Drone Obstacle Avoidance


GitHub Repository

Over a span of 10 weeks, the project focused on achieving autonomous navigation through a series of obstacles. The primary tools employed were YOLO’s deep convolutional networks for accurate symbol detection and classification, alongside the Tello SDK for precise drone control. Arrows indicate drone movement directions, with special symbols for turning around or finishing the course.


Project Subsystems


Symbol Detection and Classification

The Tello drone’s onboard camera records at 30 frames per second with a video resolution at 1280x720 pixels. A custom dataset was compiled containing approximately 1300 images of the cardinal directions and special symbols. Using CVAT, each arrow in the images was delineated with a bounding rectangle.

Symbol Detection

Employing an 80/20 train-test-split on the dataset, I trained and validated the Ultralytics YOLOv8 Detection Model on the custom dataset. The primary outcome of interest from this model was the bounding box, denoting the bottom left and top right corners (x1, y1, x2, y2) of the detected arrow or special symbol.

Symbol Detection


During real-time operation, the detection mechanism predominantly located objects rather than reliably determining their specific symbol classification. This outcome was anticipated, given YOLO’s architecture which is designed to detect objects irrespective of their orientation or position. Therefore, the principal takeaway from this trained model was the detection box rather than the classification.

Creating Classification Dataset

To train the YOLO classifier, I utilized the previously trained detection model in conjunction with traditional computer vision techniques. First, the original image was inputted into the detection model. Subsequently, the resulting detection box was used to execute the OpenCV functions getPerspectiveTransform and warpPerspective to isolate and extract the portion of the original image contained within the detection box. These extracted images were then annotated and saved for training purposes.
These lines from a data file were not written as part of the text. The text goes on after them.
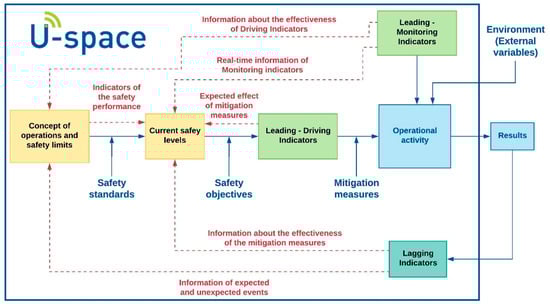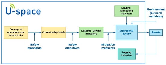 In this work, the authors propose a safety framework for U-space built on safety indicators. This framework is based on the safety culture model of [30,31]. Figure 2 synthesises the U-space operational concept and operational limits determined by interpretations of current safety levels. The operational concept ascertains the safety goals that must be achieved for a specific safety level.
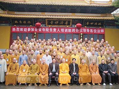 培训班由浙江省佛教协会主办,省民宗委协办。开幕式于29日上午召开,省佛协副会长可祥大和尚主持会议。省佛协会长、普陀山全山方丈戒忍大和尚首先传达了全国“两会”精神,并就举办这次培训班的目的和要求作了重要讲话。省民宗委周勇辉处长、舟山市民宗局刘大中局长应邀出席开幕式并讲了话。
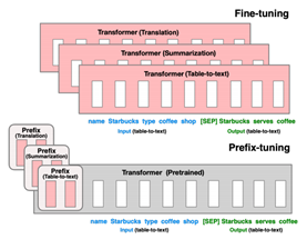 x为输入,y为输出。Prefix-Tuning将预训练LM参数固定,Prefix参数进行微调,它不仅只在Embedding层进行微调,而是在每一层都进行微调。
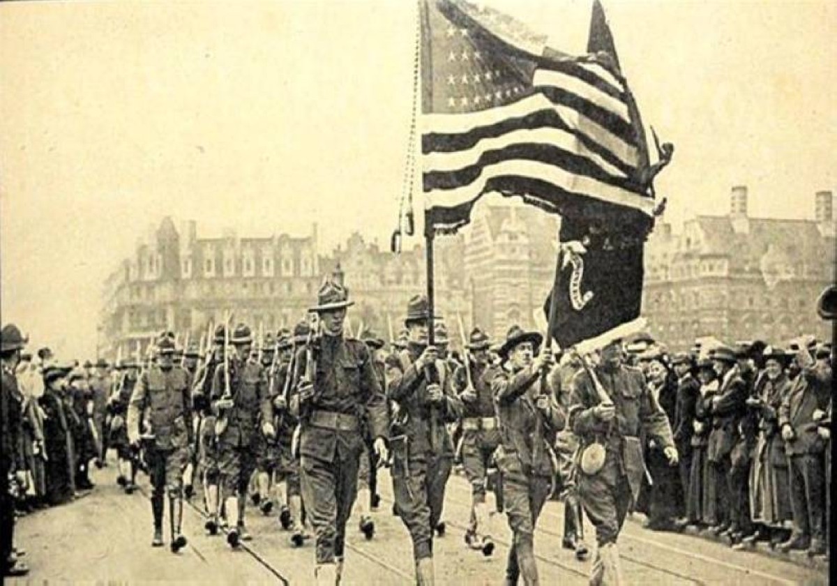 1917 الكونغرس الأمريكي يوافق على خوض الحرب العالمية الأولى ضـد ألمانيا.
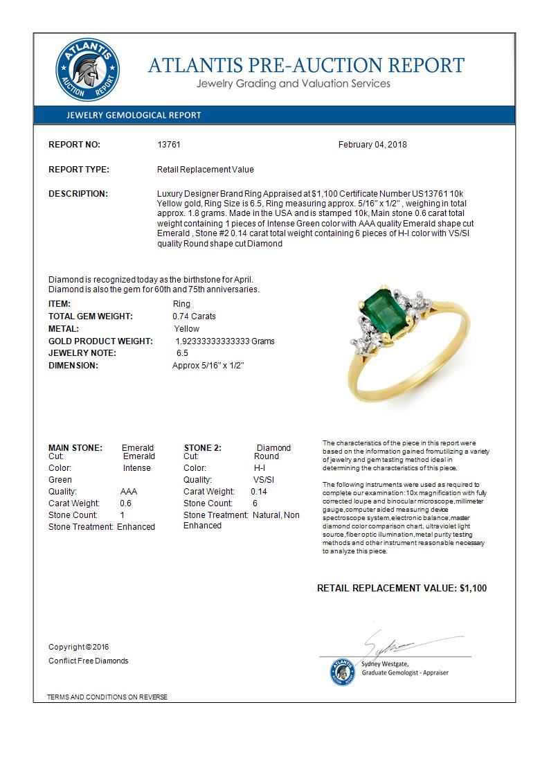 REF-16Y5K -13761 ---- 0.74 CTW Emerald & Diamond Ring 10K Yellow Gold ---- Luxury Designer Brand Ring Appraised at $1,100 Certificate Number US13761 10k Yellow gold, Ring Size is 6.5, Ring measuring approx. 5/16" x 1/2" , weighing in total approx. 1.8 grams. Made in the USA and is stamped 10k, Main stone 0.6 carat total weight containing 1 pieces of Intense Green color with AAA quality Emerald shape cut Emerald , Stone #2 0.14 carat total weight containing 6 pieces of H-I color with VS/SI quality Round shape cut Diamond
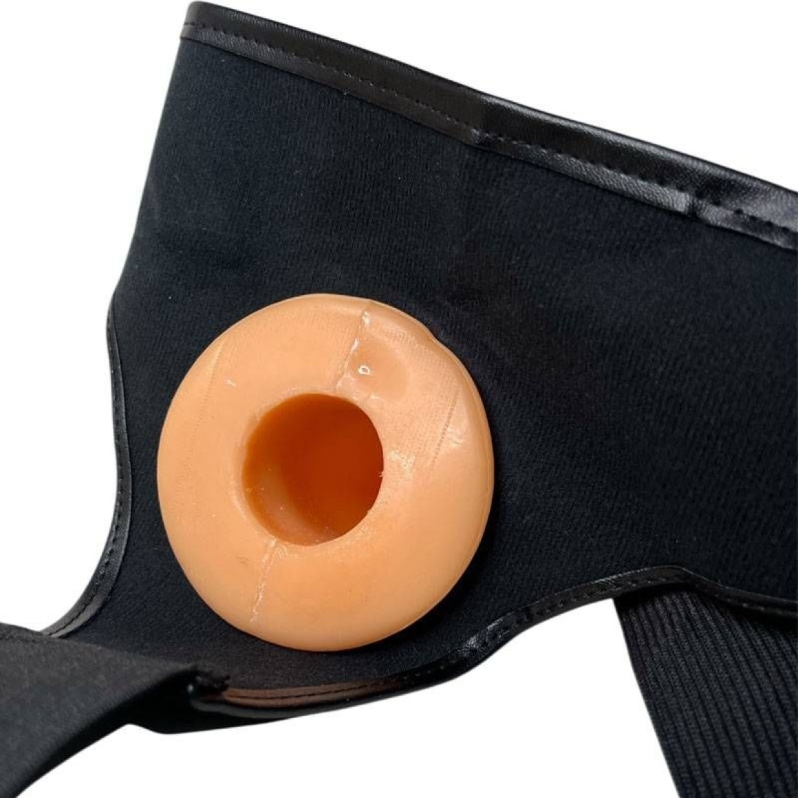 Cinta peniana com pênis oco, possui glande e veias salientes.

Originally, a single classification model was used to classify the symbol, however the special symbols were consistently confused for an arrow direction. To prevent this, two separate models were trained: one for arrow classification and one for special symbol classification. To determine which model to use to classify the symbol, I looked at the ratio of width to length of the boxing box detected. The special symbols have a square-like shape with ratios between 0.8 and 1.2 whereas the arrows have a rectangular shape falling well below and well above the square-like ratio.

Classification Cascade


Arrow Classification

An 80/20 train-test-split was applied to the cropped image dataset to train and validate the YOLOv8 Classification Model for arrow directions. The model predicted class IDs representing different directions: “down” (0), “left” (1), “right” (2), and “up” (3).

Symbol Classification

Similarly, an 80/20 train-test-split was applied to the cropped image dataset to train and validate the YOLOv8 Classification Model for special symbols. The model predicted class IDs representing “star” (0) and “U Turn” (1).

Drone Control

Since the drone lacks an onboard depth sensor, all control decisions are based on the size and location of the detection box. When commanding the drone, motion in the x (+x forward), y (+y left), and z (+z up) planes is taken into consideration.

Control System Diagram


Arrow Control

Direction Control

Once a direction has been determined for each drone, the controller determines the location of the “important edge” for that specific direction, indicating how far the drone must fly to avoid the obstacle in the designated direction. Additionally, the controller calculates the area of the detection box to indicate whether it is safe to fly forward. The larger the area the closer the drone is to the obstacle.

Orthogonal Control

In addition to direction control, to ensure correct avoidance of the obstacle, the drone aligns itself to be centered on the obstacle in the plane orthogonal to the detected arrow. This part of the controller looks at the center of the detection box relative to the center of the live image center. If it is outside a tuned threshold, the drone will move to center itself in the orthogonal plane.

Arrow and orthogonal direction for drone control.


Special Symbol Control

When a special symbol is detected, the drone will center itself on the symbol and approaches within a specific distance before executing the desired action. Similar to arrow orthogonal control, this controller looks at the center of the detection box relative to the center of the live image center. If it is outside the tuned threshold in either the vertical and horizontal planes, it will move to center itself. Once the area of the of the image gets within a specific threshold the robot will execute the action linked to the specific symbol.

Special Control
(Left) Rotating 180 degrees. (Right) Flipping backwards.


** Disclaimer: When the “star” symbol is detected, and it is time to flip, the drone will confirm with the user to make sure it is safe to complete the flip.